In: Frankfurter
Zeitung, 12.1.1919
Dem, der in einer eisigen Sturmnacht im Schnee verirrt plötzlich vor sich ein einsames Licht aufblinken sieht, mag es ähnlich ums Herz sein wie dem, der in der finsteren, armen Sturmnacht der Kriegszeit plötzlich im Herzen Deutschlands ein fremdartig glühendes Licht aufgehen sah: eine neue deutsche Metaphysik. Freilich, nur wenige werden es sein, denen damit etwas Großes, Ersehntes geschieht, die zu sehen vermögen, was dies für unser Land bedeutet; denn ihre wahre Heimat zu suchen, hat unsere Zeit wie kaum eine je zuvor verlernt. Und doch ist von den frühesten mythologischen Zeiten an über alle großen schöpferischen Zeiten hinweg die Metaphysik, die Religion: die sehnsüchtige Erhebung des Geistes über die Erfahrungswelt, allein die unvergängliche Krone aller Kulturen gewesen. Was wir allein von ihnen bewahrt haben, sind ihre metaphysischen und religiösen Ideen, zu denen alle äußeren Geschehnisse nur Grundlage und Vorbereitung oder für uns Mittel zum genetischen Verstehen sind. Erst unserer Zeit war es verhängnisvoller als je einer Spätzeit vorbehalten, das einzige unvergängliche Erbteil des menschlichen Geistes, das, was in Platos Anamnesis als die durch alle wechselnden irdischen Verhältnisse nie völlig zu verwischende Erinnerung an die ewig gemeinsamen menschlichen Wesensgesetze hindurchschimmert, zu vergessen und zu verwerfen. Darum ist die Nacht so tief über unser menschliches Antlitz herabgesunken, daß der Mensch im Menschen nicht mehr den Bruder erkannte. Nur einen Augenblick versuche man sich klar zu machen, was dies heißt: daß wir um des Linsengerichts materieller Wohlfahrt, äußeren Gedeihens, zweckmäßigen Strebens und emsigen Arbeitens willen auf unser Erstgeburtsrecht als Kinder Gottes verzichtet haben: auf unser menschliches Recht, zu schauen und uns über uns aufzurichten, was mehr ist, als wir sind, was von dort aus fordernd und gebietend von uns die letzte menschliche Entscheidung über unser Leben verlangt. Dann wird man sich der ungeheuren Finsternis bewußt werden, in der wir leben, wird den Abgrund der Leere über uns und unter uns erkennen.

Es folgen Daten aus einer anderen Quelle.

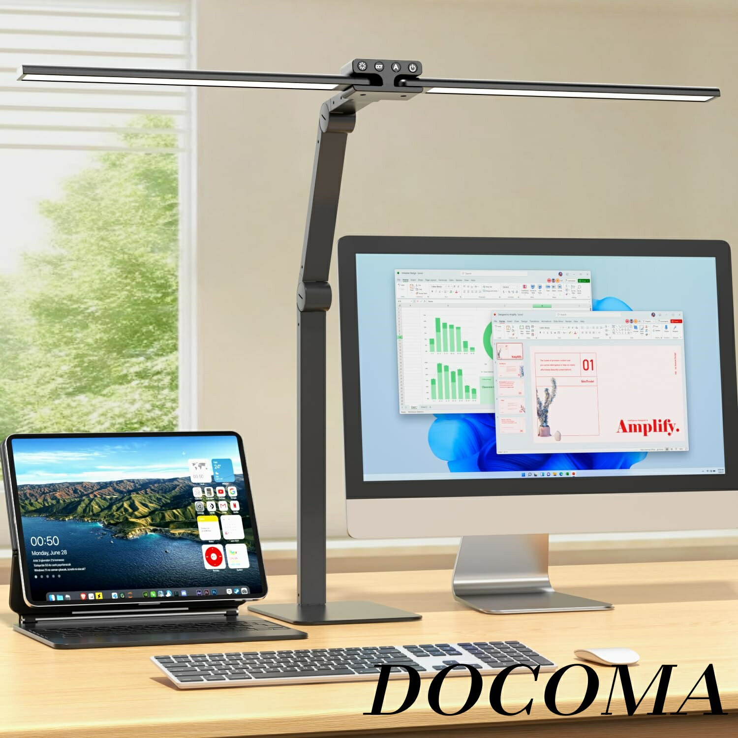 適格請求書登録取得。可動域が広く、関節の柔軟性が高い:デスクライトのアームは連結部が2つあり、それぞれ縦方向への首振りが225度の範囲に調整可能です。机に固定するクランプすぐ上が360度回転可能できません。ダンパーは若干硬いので、望む位置に止めることは簡単です。使いやすさと安定感を求める人は「スタンド式」:スタンドタイプは机の上に置いて使用するタイプです。設置が簡単で、鉄製のスタンドのサイズは22CM*17CMで、非常に安定感があります。組み立てる手順は詳細ページの写真と動画を参考してください。デスクライトは使用可能の高さの範囲は59CMまでです。2本の可動式バー型ライト:40CMのバー型ライトは2本搭載されており、T字、V字、I字にも設定可能で影ができない。デスクライトのセード(光源)が80cmと長く、左右に分かれており、最大180度可動式のライトでデスクを幅広く照らすことができ、色々な用途に使える。操作のしやすいタッチパネル:前面に位置するタッチパネルは直感的でわかりやすく、電源オン・オフと30分タイマー、色温度4段階(2,700K~6,000K)、明るさ4段階(25%~全光量)、光センシング(周囲の明るさに応じて自動調光)の4つのボタンで調整できます。また、メモリー機能を搭載しているため、ランプ消灯からの点灯であれば同じ設定で照らしてくれます。
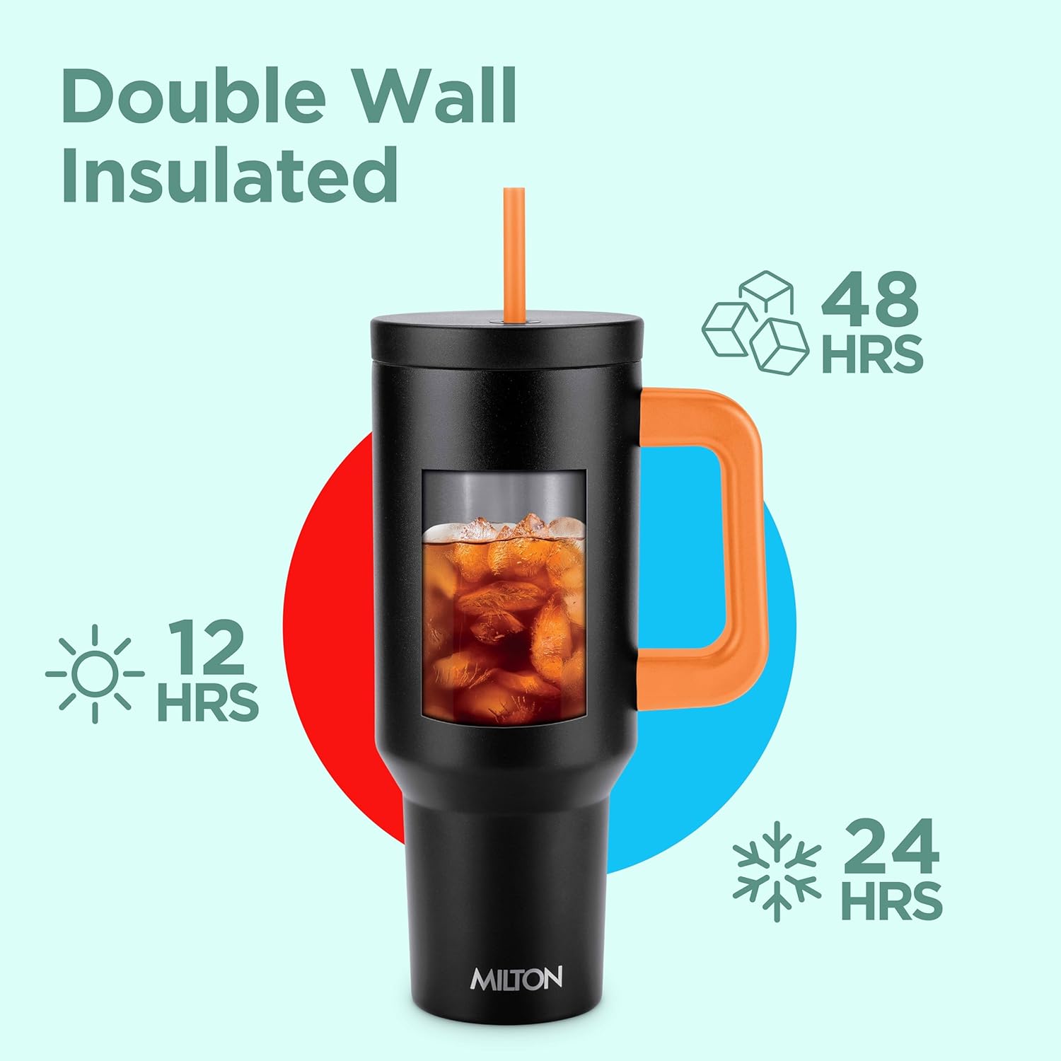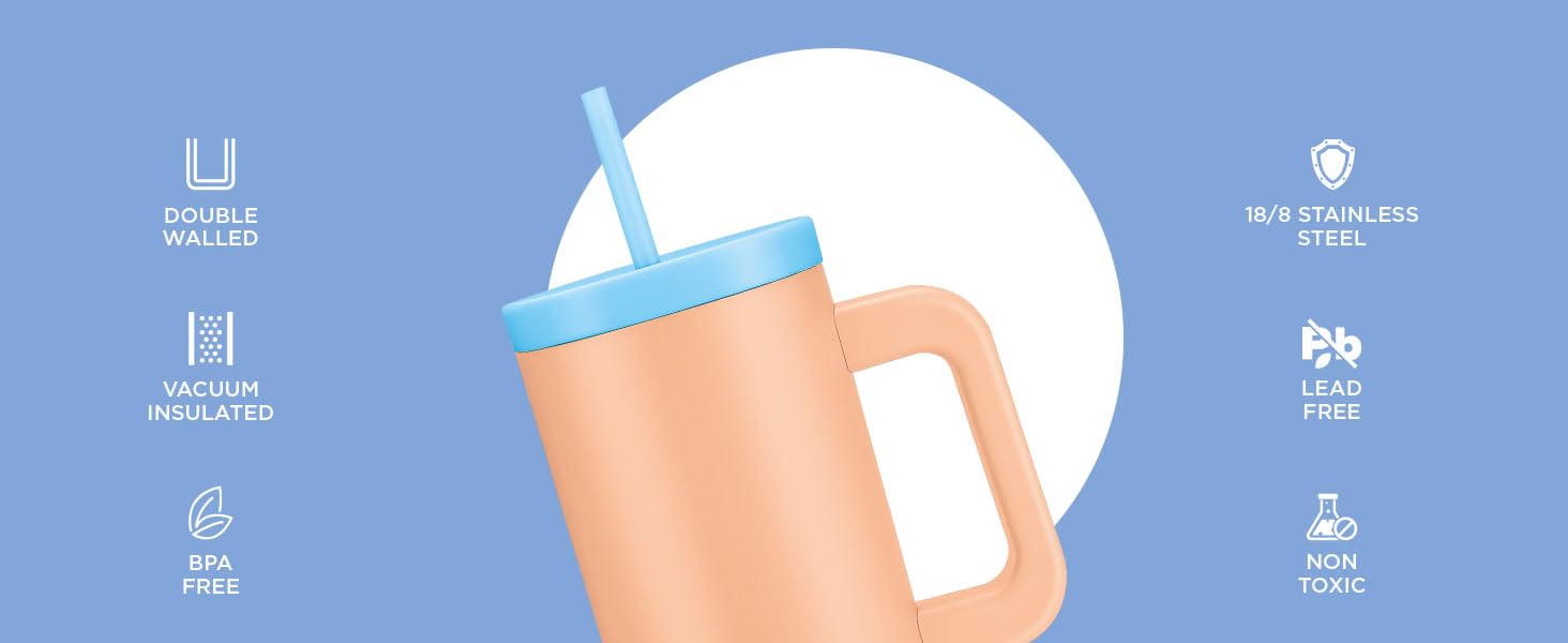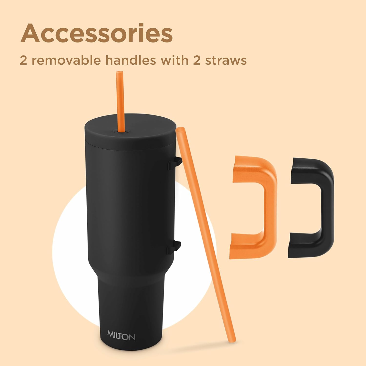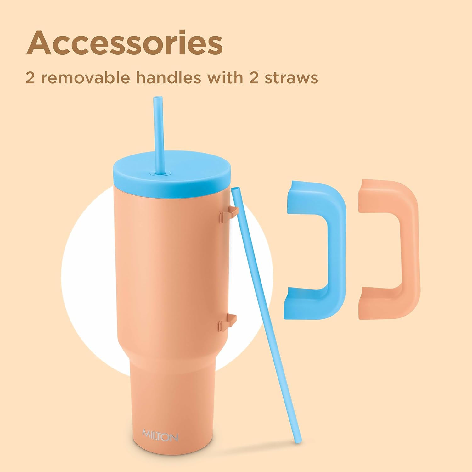 - Premium Material and Construction: Our 1200 ml tumbler with removable handles and straws is crafted from high-quality 18/8 stainless steel. It features a double-walled, vacuum-insulated design with an internal copper coating and a durable powder-coated exterior, ensuring long-lasting use.

Zu dieser Weltstunde, in dieser
Weltfinsternis ist die neue Metaphysik empfangen. Sie steht nicht abseits vom Leben;
die ganze Not unserer Zeit pocht, wirkt und fordert ungestüm in ihr. Um uns geht es; wir werden angeredet und aufgerufen, wir, die gegenwärtigen, von
ihrer wahren Heimat abgeschnittenen Menschen. Der Utopist wirft seinen Anker
auf den Grund der tiefsten, der furchtbarsten Nacht, in der je gelebt wurde.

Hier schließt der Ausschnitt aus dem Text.